3. Projected. Type of coordinate reference system that is based on an approximation of the shape of the earths surface by a plane. The distortion that is inherent to the approximation is carefully controlled and known. Distortion correction is commonly applied to calculated bearings and distances to produce values that are a close match to actual field values.
4. Engineering. Type of coordinate reference system that is that is used only in a contextually local sense. This sub-type is used to model two broad categories of local coordinate reference systems:earth-fixed systems, applied to engineering activities on or near the surface of the earth; coordinates on moving platforms such as road vehicles, vessels, aircraft or spacecraft. Earth-fixed Engineering CRS are commonly based on a simple flat-earth approximation of the earth’s surface, and the effect of earth curvature on feature geometry is ignored: calculations on coordinates use simple plane arithmetic without any corrections for earth curvature. The application of such Engineering CRS to relatively small areas and “contextually local” is in this case equivalent to “spatially local”. Engineering CRS used on moving platforms are usually intermediate coordinate reference systems that are computationally required to calculate geodetic coordinates. These coordinate reference systems are subject to all the motions of the platform with which they are associated. In this case “contextually local” means that the associated coordinates are meaningful only relative to the moving platform. Earth curvature is usually irrelevant and is therefore ignored. In the spatial sense their applicability may extend from the immediate vicinity of the platform (e.g. a moving seismic ship) to the entire earth (e.g. in space applications). The determining factor is the mathematical model deployed in the positioning calculations. Transformation of coordinates from these moving Engineering CRS to earth-referenced coordinate reference systems involves time-dependent coordinate operation parameters.
5. Vertical. Type of coordinate reference system used for the recording of heights or depths. Vertical CRS make use of the direction of gravity to define the concept of height or depth, but its relationship with gravity may not be straightforward. By implication therefore, ellipsoidal heights (h) cannot be captured in a vertical coordinate reference system: ellipsoidal heights cannot exist independently, but only as an inseparable part of a 3D coordinate tuple defined in a geographic 3D coordinate reference system.
6. Temporal. Used for the recording of time in association with any of the listed spatial coordinate reference systems. Additional sub-types of coordinate reference systems

In addition to the principal sub-types, so called because they represent concepts generally known in geodetic practice, two more sub-types have been defined to permit modeling of certain relationships and constraints that exist between the principal sub-types. These additional sub-types are:

1. Compound coordinate reference system
2. Derived coordinate reference system

Compound coordinate reference system

The traditional separation of horizontal and vertical position has resulted in coordinate reference systems that are horizontal (2D) in nature and vertical (1D). It is established practice to combine the horizontal coordinates of a point with a height or depth from a different coordinate reference system. The coordinate reference system to which these 3D coordinates are referenced combines the separate horizontal and vertical coordinate reference systems of the horizontal and vertical coordinates. Such a coordinate system is called a compound coordinate reference system (Compound CRS). It consists of an ordered sequence of the two or more single coordinate reference systems.

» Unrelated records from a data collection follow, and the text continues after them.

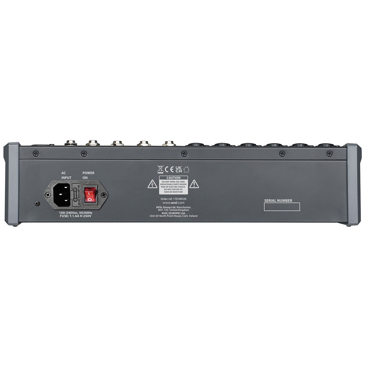 Fully featured audio mixer with 6, 8, or 10 mono input channels, 2 stereo line inputs, stereo Aux input and a further minijack stereo input. Each mono mic/line channel has a combo XLR/jack input with +48V phantom power switchable in pairs for the XLR inputs. Each mic/line channel has a Gain control for matching the input source and a low-cut switch to filter out rumble or handling noise from microphones. Each mono channel also has High/Mid/Low EQ controls, Aux out level, FX level, Pan control and a 60mm channel fader. The onboard foot-switchable DSP effects engine has 99 presets for delay, reverb and modulation effects, each of which can be adjusted using two parameter controls. An onboard Bluetooth receiver has an illuminated pairing button and independent volume control. The USB type-A port on the top panel is for playback of audio files or can be used to record the main outputs to a USB storage device or as an external audio device when connected to a laptop. Main output is served by left & right XLR, in addition to 6.3mm monitor and headphone outputs and the Aux send & stereo return loop. The CMC-series is a comprehensively equipped mixing console for live sound engineers, project studios, and entertainment venue installations.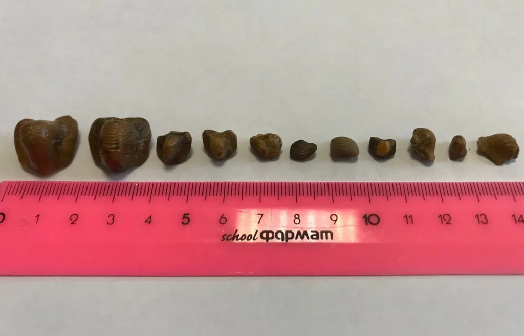 Помимо зубов акул-птиходусов исследователи нашли множество зубов разнообразных морских ящеров - плио- и плезиозавров, и даже мозазавров а также летающих птерозавров. Малый Пролом - единственное место в Рязанской области, где найдены остатки последних двух групп. Кроме того, наши учёные вместе с иностранными коллегами уточнили возраст замечательного карьера - он оказался моложе, чем считалось прежде: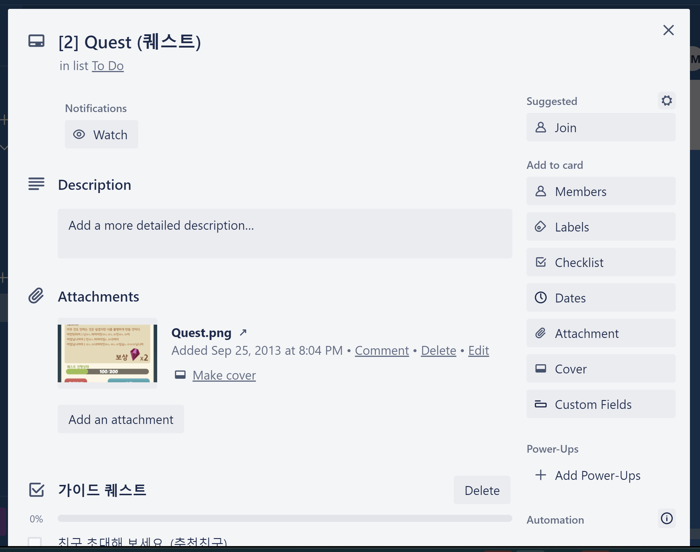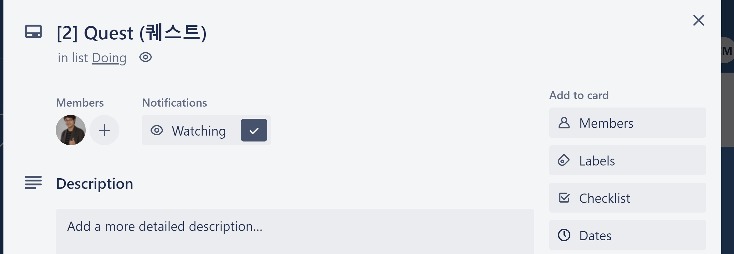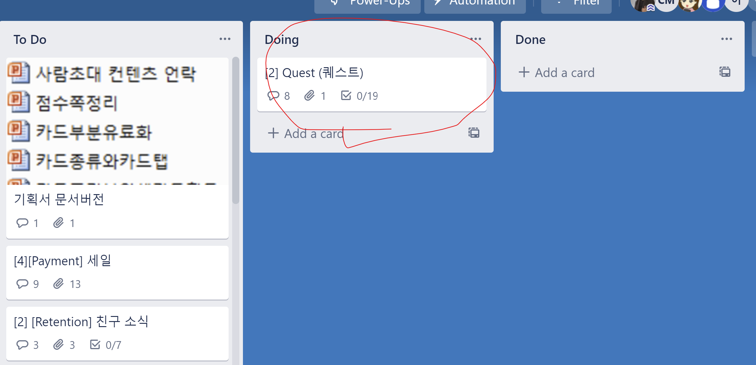 그리고 진행상황에 맞춰서 To Do, Doing, Done 이렇게 만들어 놓고 작업의 진행 상태에 따라서 자연스럽게 옮겨 주면 된다. 왼쪽에 ToDo 에 있던 [2]Quest (퀘스트) 카드가 오른쪽 Doing 으로 옮겨진것을 알 수 있다. 그냥, 드래그 앤 드랍으로 편하게 움직이면 된다.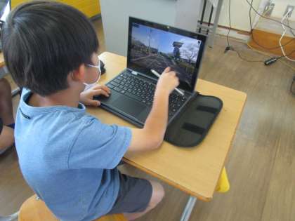 明日行く予定の校外学習に向けて、行く場所の施設を調べました。みんな明日をとても楽しみにしています。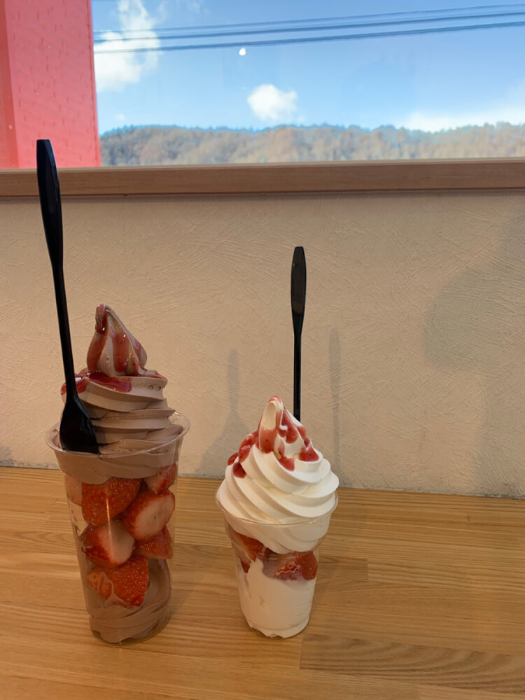 ソフトクリームの中にふんだんに🍓を投入してくれます。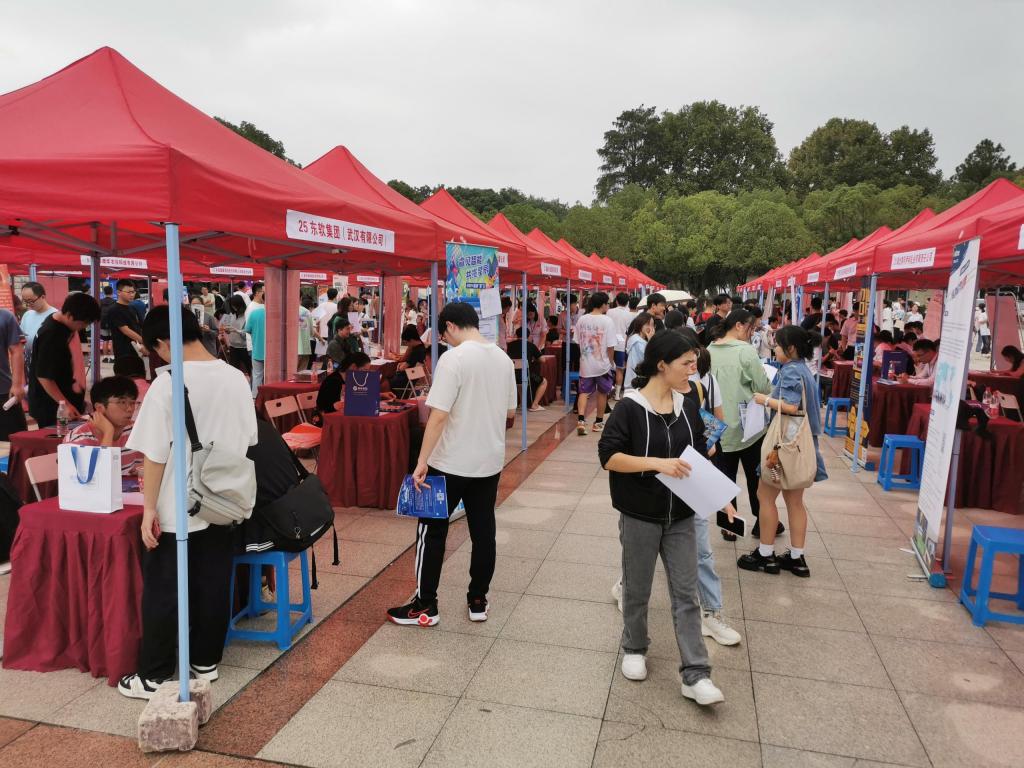 9月27日,我校在體育館前廣場舉辦武漢地區重點高校2024屆畢業生秋季聯合招聘會,北京、深圳、上海、廣州、浙江、內蒙古等地企業組團進校招聘。招生就業處聯手武漢科技大學、武漢紡織大學等高校相關部門組織畢業生參加活動。招生就業處負責人與各學院黨委書記、副書記、畢業班輔導員和班導師到現場對接用人單位,就畢業生招聘、低年級實習實訓等工作開展合作,并指導畢業生應聘求職。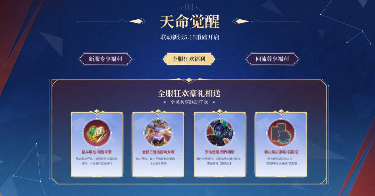 亲历西游的传说篇章,加入全新的联动狂欢,共享豪礼与天命者踏上西行之路!《猎魂觉醒》×《乱斗西游2》联动四大全服狂欢福利为各位游骑兵送上!每日任务大幅收益提升,一元通行证送福利;首个三魂技联动猎魂-【女娲】降临;累计消费返利,送联动限定哪吒背饰、限定猎魂【魔悟空】;拥有新礼装奖池大礼,可获联动头像框/匹配框。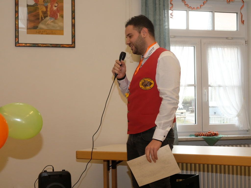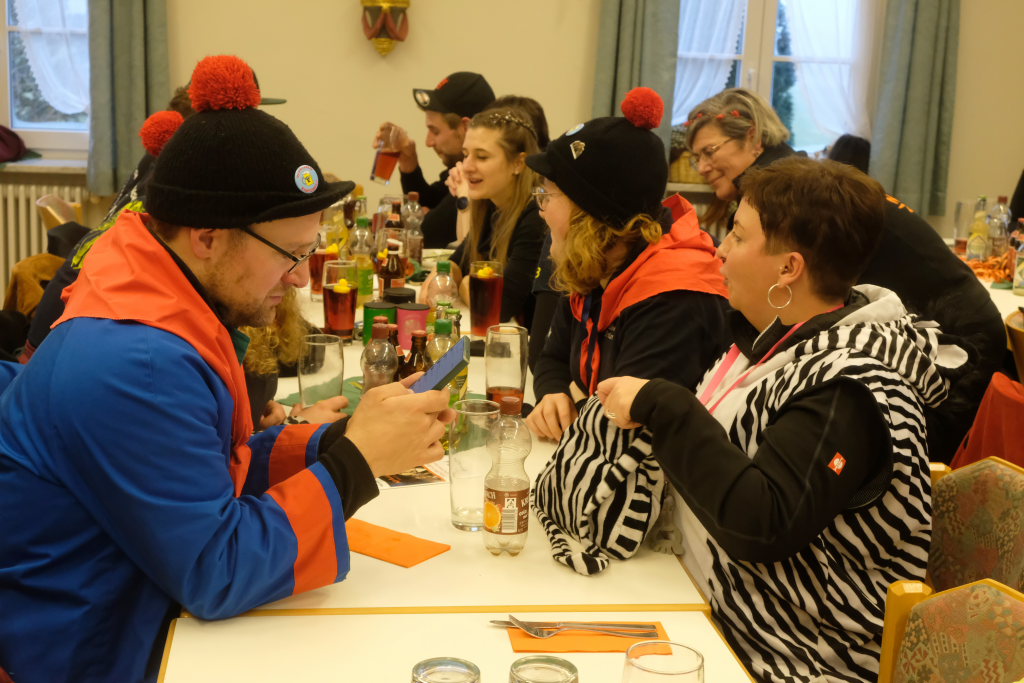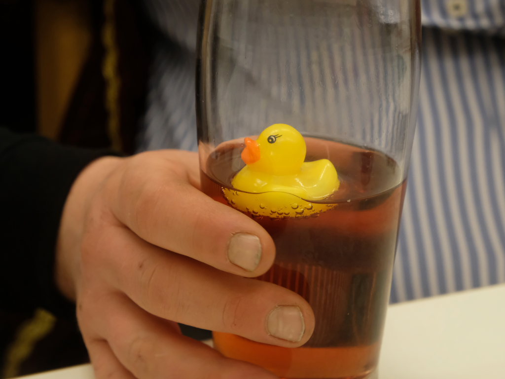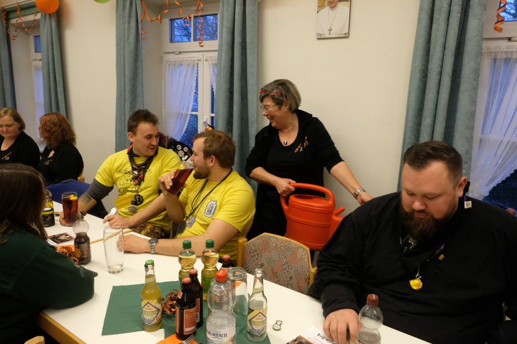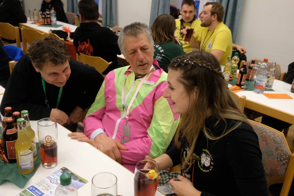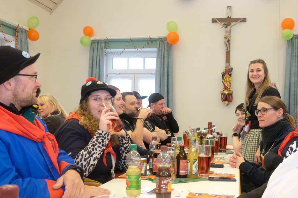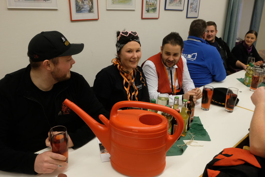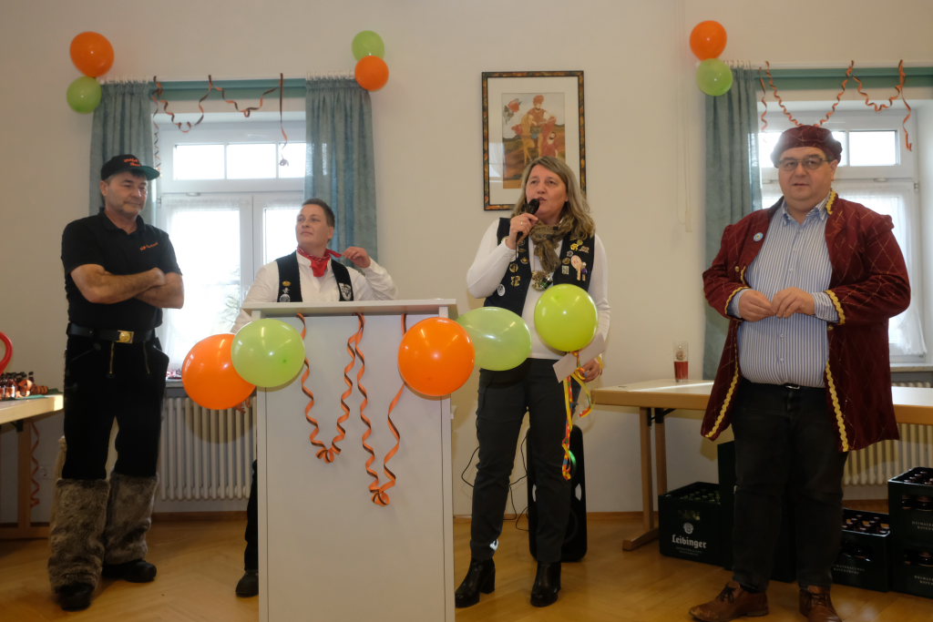 Doch auch sonst war vieles anders: Denn die einzelnen Zünfte wurden nicht nach dem Ablaufplan des Sprunges aufgerufen. Die Zunftmeisterin erklärte die Modalitäten, wie das Ganze ablaufen sollte. In einem großen Pool – einer Plastikbox – „schwammen“ viele kleine gelbe Entlein mit den Narrensprüchen der einzelnen Zünfte. Die ersten drei dieser Lotterie zogen Veser und ihre Vize Bodenmüller selbst – als Belohnung für die „Mühen“ durften diese, nachdem sie die nächsten gezogen hatten, mit diesen dann sich einen „Kurzen“ einverleiben und praktisch den Staffelstab dann an diese weitereichen. Auf diese Weise blieb die Aufmerksamkeit dem Geschehen am Rednerpult erhalten, denn keiner wusste somit, wann er dran war.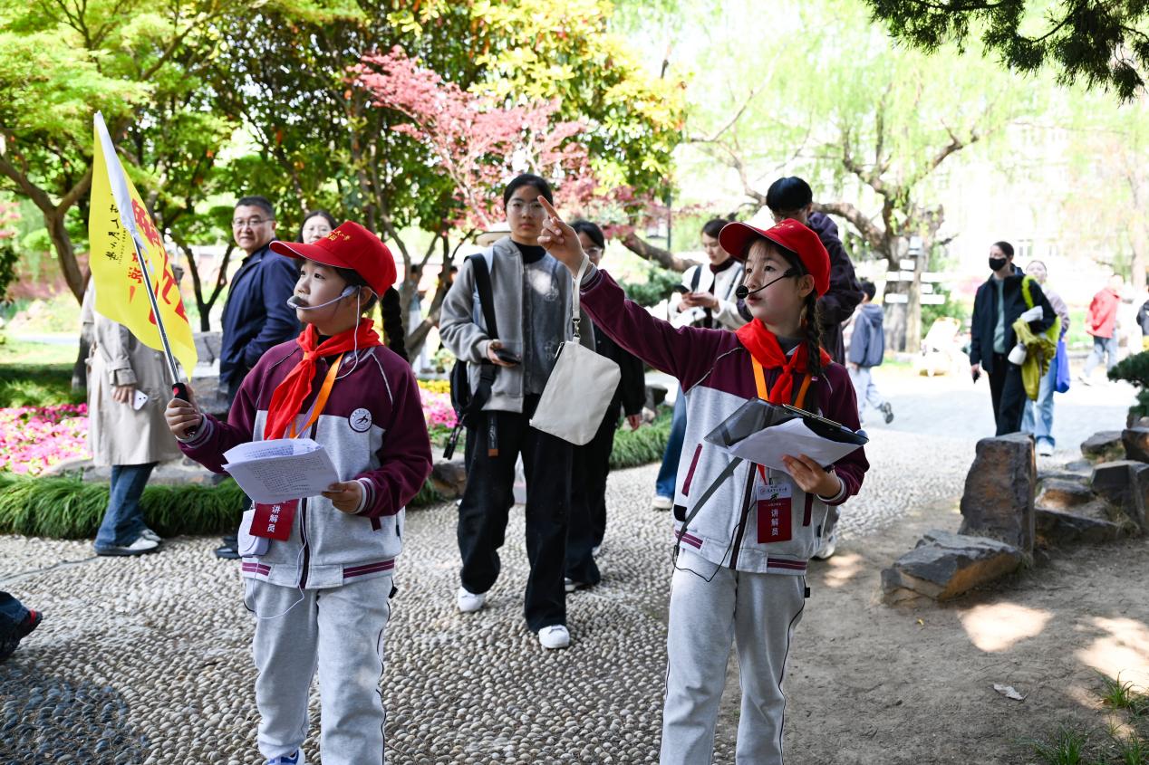 4月4日上午,来自淮安市人民小学“人民·少年说”红领巾讲解团的13名少先队员走进清晏园,化身小小讲解员,用清脆的童声为往来游客讲述园林故事、传递淮安文脉,成为这座“江淮第一园”里最动人的风景。

A Compound CRS is thus a coordinate reference system that combines two or more coordinate reference systems, none of which can itself be compound. In general, a Compound CRS may contain any number of axes. The Compound CRS contains an ordered set of coordinate reference systems and the tuple order of a compound coordinate set shall follow that order, while the subsets of the tuple, described by each of the composing coordinate reference systems, follow the tuple order valid for their respective coordinate reference systems.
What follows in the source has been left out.